> **Task item**:
Begin at the line that has "迪士尼的创意家居用品,这款【", stop after the line that has "接诊后,betway在线登陆", and print exactly those lines from the records below, without any pictures.

> **Data under study**:

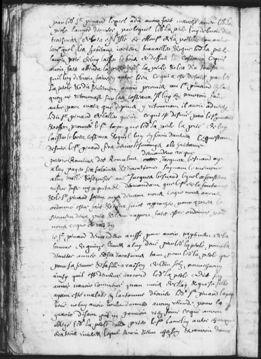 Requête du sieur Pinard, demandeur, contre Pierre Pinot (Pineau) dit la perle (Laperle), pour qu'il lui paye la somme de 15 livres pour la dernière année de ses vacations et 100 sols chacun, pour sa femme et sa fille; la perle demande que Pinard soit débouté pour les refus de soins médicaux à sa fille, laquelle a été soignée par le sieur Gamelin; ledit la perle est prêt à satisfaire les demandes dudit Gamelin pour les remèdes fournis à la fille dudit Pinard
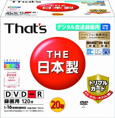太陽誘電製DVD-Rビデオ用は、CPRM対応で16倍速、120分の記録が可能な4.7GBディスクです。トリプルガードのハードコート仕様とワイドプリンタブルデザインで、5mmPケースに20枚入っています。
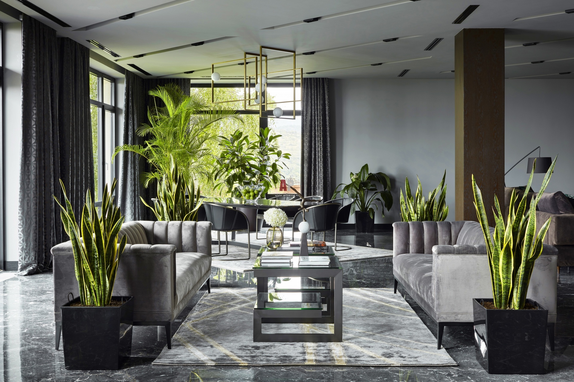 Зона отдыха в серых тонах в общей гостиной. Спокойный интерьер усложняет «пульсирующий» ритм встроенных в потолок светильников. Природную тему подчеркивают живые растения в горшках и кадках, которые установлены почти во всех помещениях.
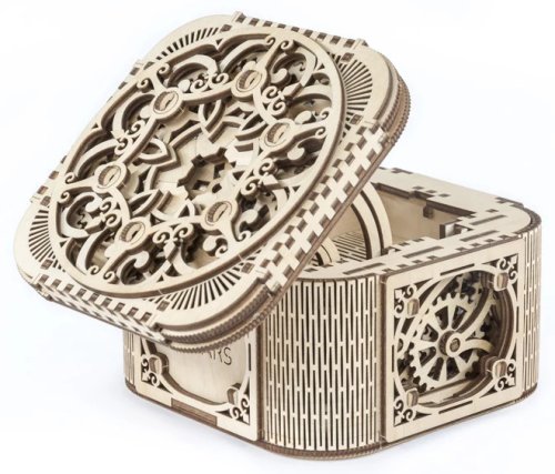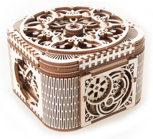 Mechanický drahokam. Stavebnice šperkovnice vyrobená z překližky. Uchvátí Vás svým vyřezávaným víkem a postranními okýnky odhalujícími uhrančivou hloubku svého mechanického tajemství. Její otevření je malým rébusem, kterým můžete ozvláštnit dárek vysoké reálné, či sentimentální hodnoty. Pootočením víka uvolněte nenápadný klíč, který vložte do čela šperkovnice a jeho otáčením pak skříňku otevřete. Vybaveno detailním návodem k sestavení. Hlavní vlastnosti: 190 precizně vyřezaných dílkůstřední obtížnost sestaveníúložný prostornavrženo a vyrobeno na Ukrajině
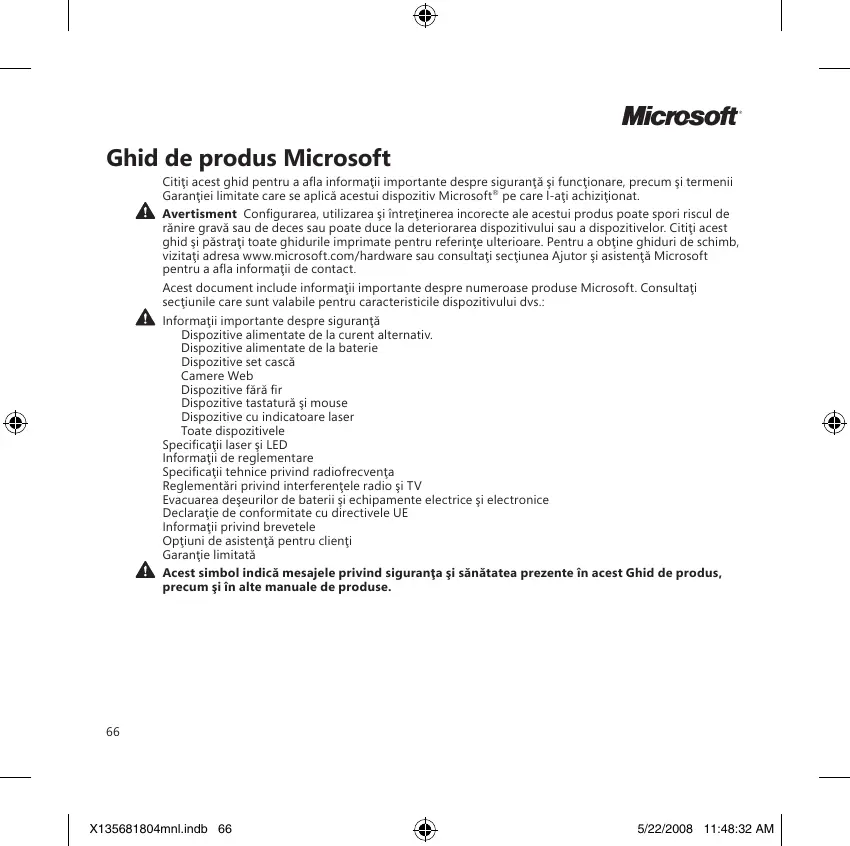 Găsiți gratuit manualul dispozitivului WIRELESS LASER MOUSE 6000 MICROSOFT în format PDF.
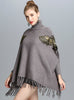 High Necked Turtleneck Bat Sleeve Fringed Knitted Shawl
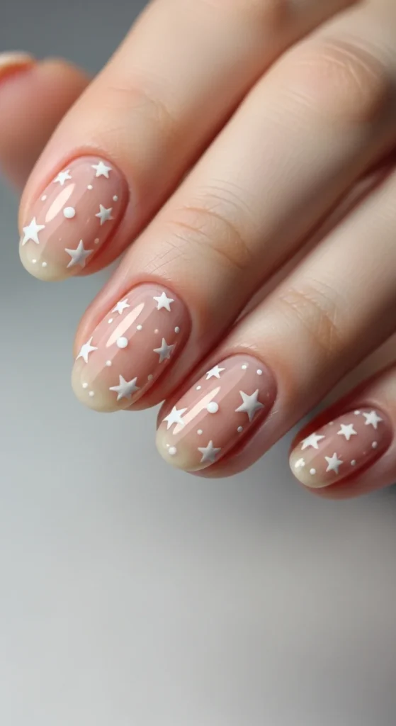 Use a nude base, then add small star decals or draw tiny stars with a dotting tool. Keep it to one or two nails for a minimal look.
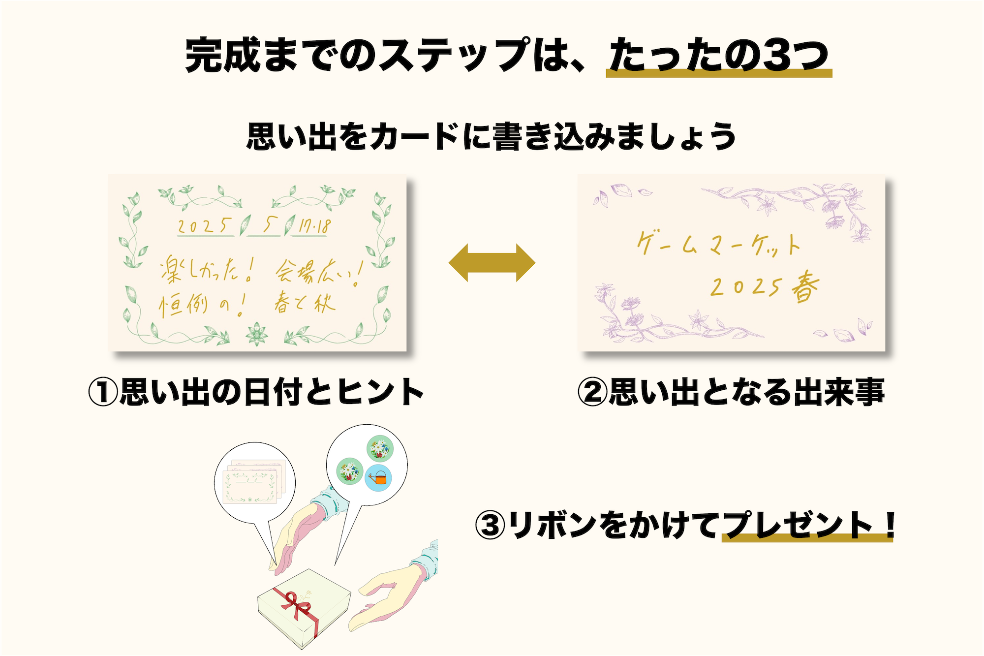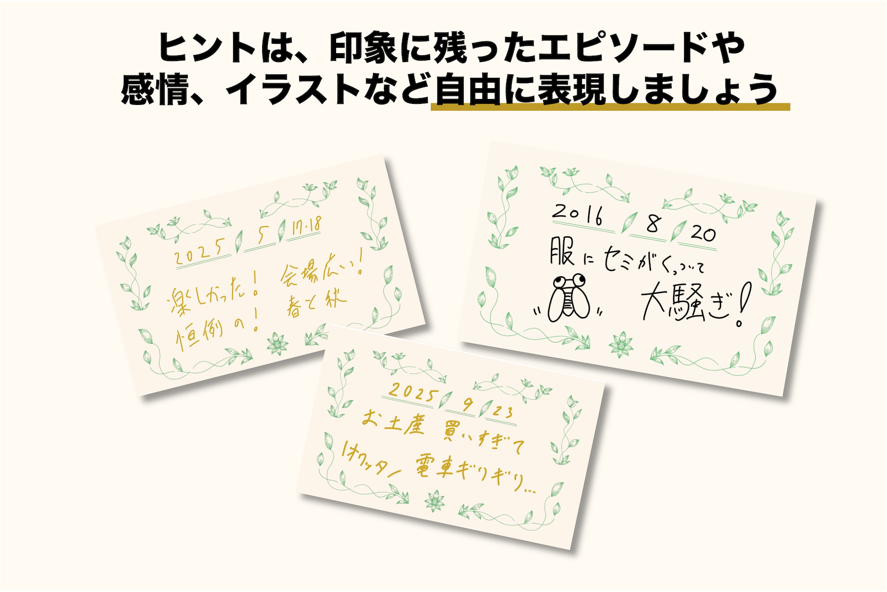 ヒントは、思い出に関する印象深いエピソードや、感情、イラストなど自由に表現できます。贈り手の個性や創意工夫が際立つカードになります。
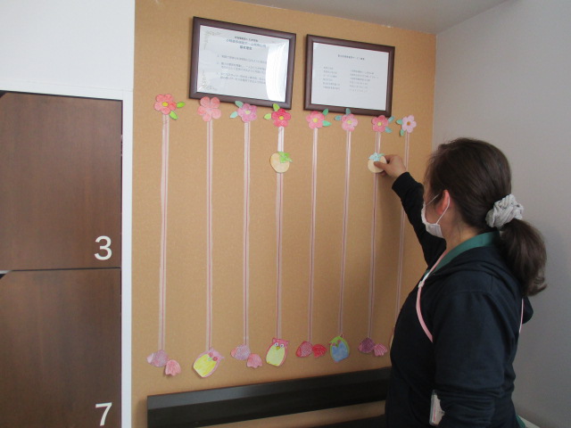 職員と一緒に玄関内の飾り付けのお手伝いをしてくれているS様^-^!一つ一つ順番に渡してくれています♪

...

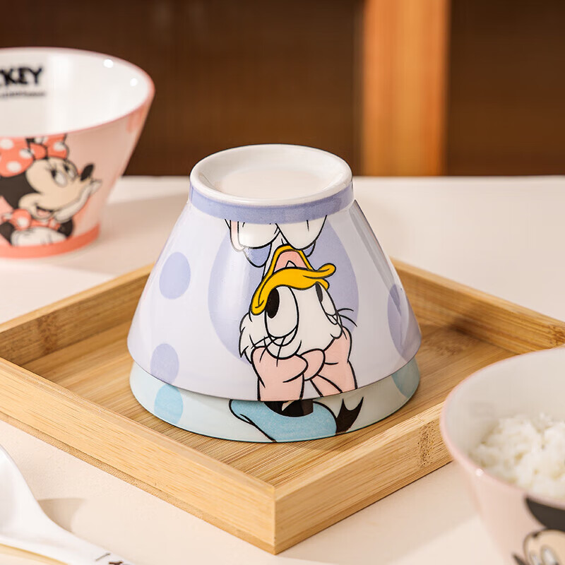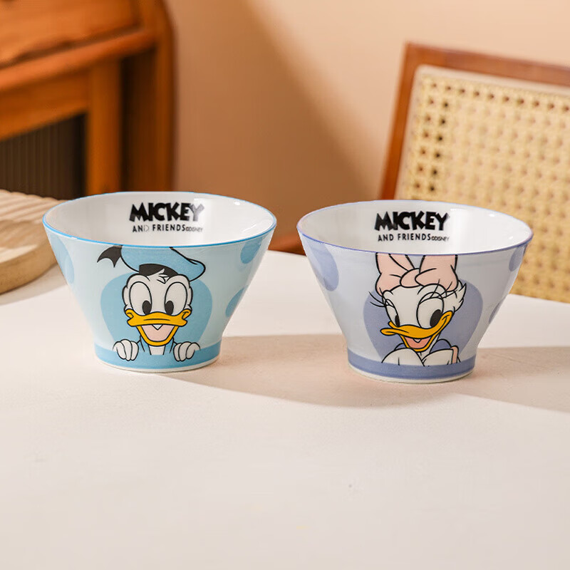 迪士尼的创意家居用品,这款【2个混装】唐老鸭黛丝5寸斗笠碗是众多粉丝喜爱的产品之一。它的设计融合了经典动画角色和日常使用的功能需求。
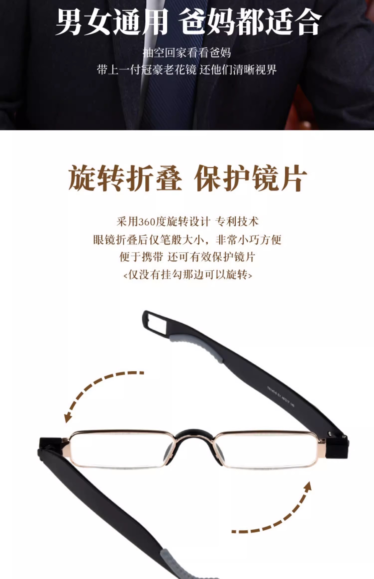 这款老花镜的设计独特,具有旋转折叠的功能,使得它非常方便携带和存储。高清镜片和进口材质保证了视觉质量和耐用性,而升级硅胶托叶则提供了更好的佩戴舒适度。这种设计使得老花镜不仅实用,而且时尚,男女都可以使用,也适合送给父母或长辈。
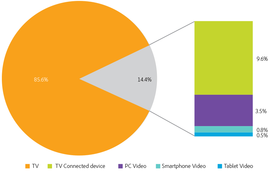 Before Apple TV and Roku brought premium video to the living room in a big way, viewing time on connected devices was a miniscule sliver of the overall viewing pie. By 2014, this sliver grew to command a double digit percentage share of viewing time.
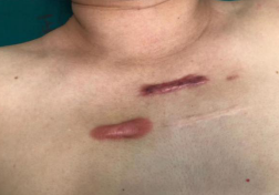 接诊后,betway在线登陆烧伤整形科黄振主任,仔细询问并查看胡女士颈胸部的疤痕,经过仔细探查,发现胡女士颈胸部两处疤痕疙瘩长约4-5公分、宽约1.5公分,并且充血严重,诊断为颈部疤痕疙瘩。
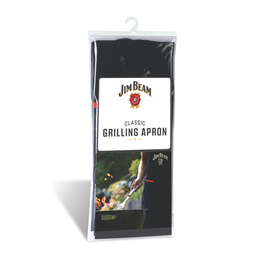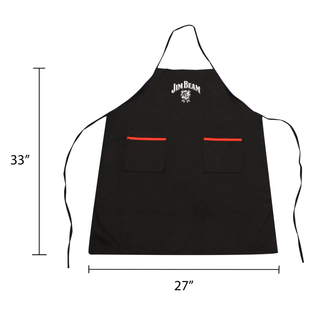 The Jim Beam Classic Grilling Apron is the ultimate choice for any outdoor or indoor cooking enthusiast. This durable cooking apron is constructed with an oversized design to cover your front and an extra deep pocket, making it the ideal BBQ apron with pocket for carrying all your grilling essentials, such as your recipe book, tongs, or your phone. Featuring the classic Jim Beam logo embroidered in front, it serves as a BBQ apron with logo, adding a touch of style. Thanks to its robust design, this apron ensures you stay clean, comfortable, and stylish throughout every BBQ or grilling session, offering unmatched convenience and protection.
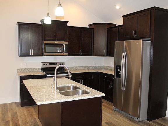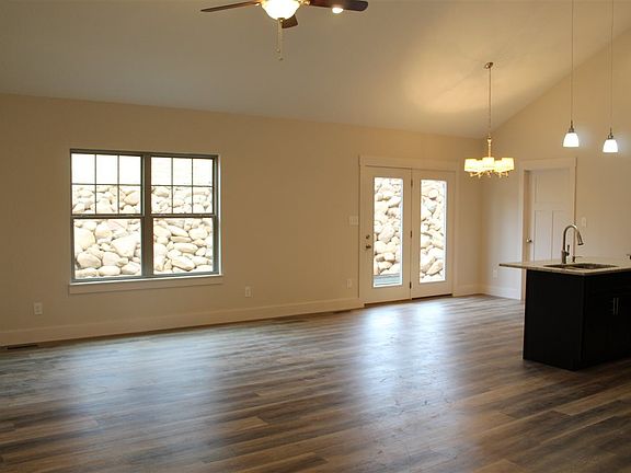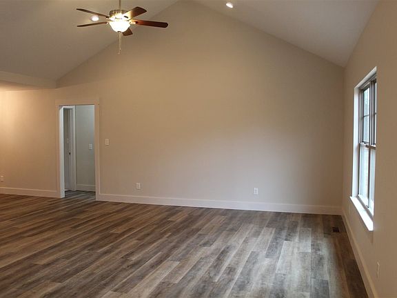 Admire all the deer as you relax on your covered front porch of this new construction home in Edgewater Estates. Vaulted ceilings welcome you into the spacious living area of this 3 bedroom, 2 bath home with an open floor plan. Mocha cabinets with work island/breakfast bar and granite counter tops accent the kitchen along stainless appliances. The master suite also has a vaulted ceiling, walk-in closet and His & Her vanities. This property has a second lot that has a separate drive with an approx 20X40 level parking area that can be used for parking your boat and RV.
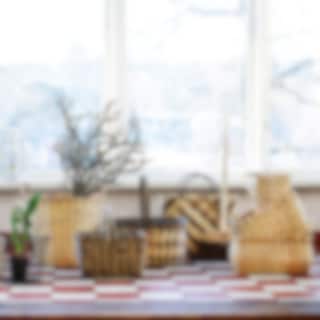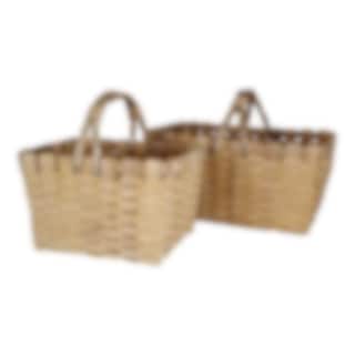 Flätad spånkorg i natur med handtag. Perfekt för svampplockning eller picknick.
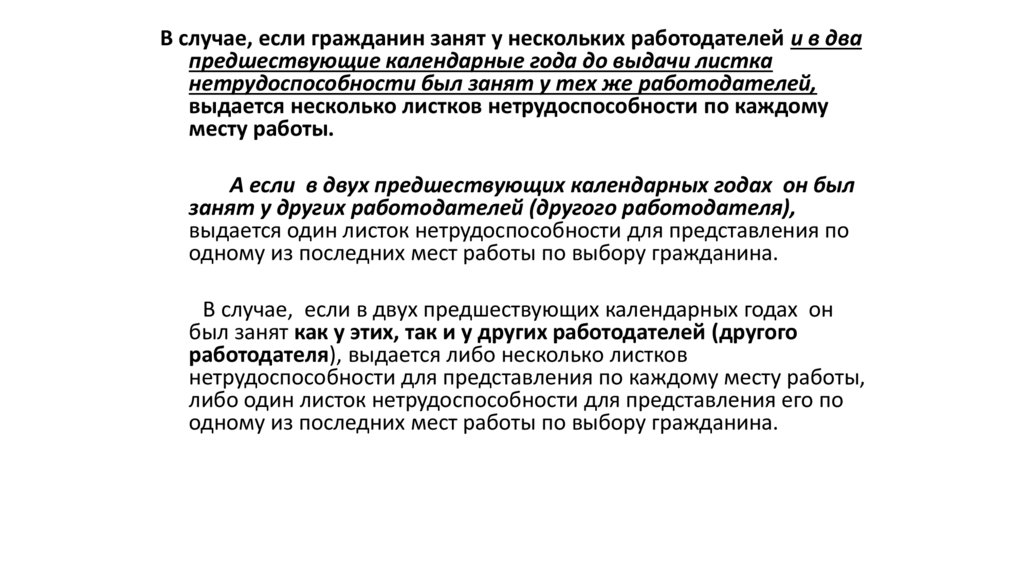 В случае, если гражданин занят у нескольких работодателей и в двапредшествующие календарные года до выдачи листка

* * *

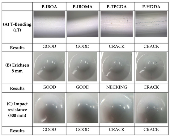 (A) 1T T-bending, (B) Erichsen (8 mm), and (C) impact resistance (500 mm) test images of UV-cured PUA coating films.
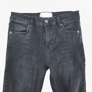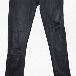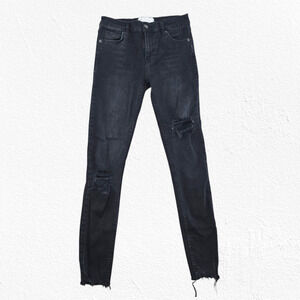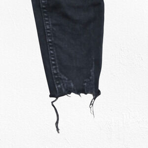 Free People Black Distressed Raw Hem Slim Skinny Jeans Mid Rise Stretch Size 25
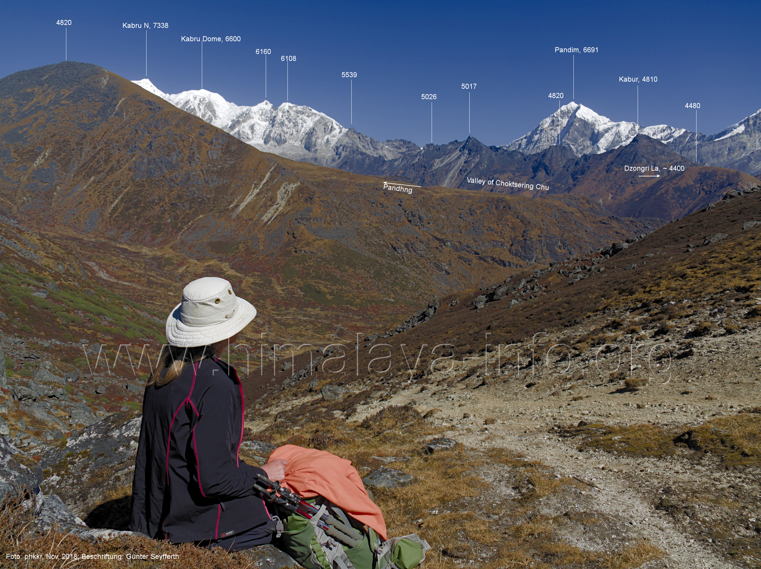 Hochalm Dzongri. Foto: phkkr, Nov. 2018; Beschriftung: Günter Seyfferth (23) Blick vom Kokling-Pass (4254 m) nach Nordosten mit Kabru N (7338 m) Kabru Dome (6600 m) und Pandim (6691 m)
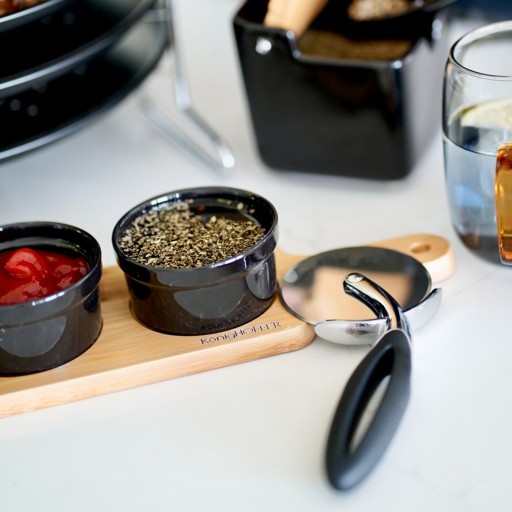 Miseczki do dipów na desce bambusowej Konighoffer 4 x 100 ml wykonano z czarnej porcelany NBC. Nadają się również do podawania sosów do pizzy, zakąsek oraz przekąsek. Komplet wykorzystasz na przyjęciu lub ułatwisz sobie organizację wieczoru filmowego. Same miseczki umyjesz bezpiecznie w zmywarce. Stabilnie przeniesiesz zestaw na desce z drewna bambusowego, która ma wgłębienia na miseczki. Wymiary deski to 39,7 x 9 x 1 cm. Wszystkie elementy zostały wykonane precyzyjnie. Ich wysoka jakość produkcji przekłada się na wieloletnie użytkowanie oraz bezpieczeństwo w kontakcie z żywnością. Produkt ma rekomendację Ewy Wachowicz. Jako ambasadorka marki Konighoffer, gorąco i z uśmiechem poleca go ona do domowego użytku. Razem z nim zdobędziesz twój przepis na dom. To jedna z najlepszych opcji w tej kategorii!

> **The answer**:
 迪士尼的创意家居用品,这款【2个混装】唐老鸭黛丝5寸斗笠碗是众多粉丝喜爱的产品之一。它的设计融合了经典动画角色和日常使用的功能需求。
 这款老花镜的设计独特,具有旋转折叠的功能,使得它非常方便携带和存储。高清镜片和进口材质保证了视觉质量和耐用性,而升级硅胶托叶则提供了更好的佩戴舒适度。这种设计使得老花镜不仅实用,而且时尚,男女都可以使用,也适合送给父母或长辈。
 Before Apple TV and Roku brought premium video to the living room in a big way, viewing time on connected devices was a miniscule sliver of the overall viewing pie. By 2014, this sliver grew to command a double digit percentage share of viewing time.
 接诊后,betway在线登陆烧伤整形科黄振主任,仔细询问并查看胡女士颈胸部的疤痕,经过仔细探查,发现胡女士颈胸部两处疤痕疙瘩长约4-5公分、宽约1.5公分,并且充血严重,诊断为颈部疤痕疙瘩。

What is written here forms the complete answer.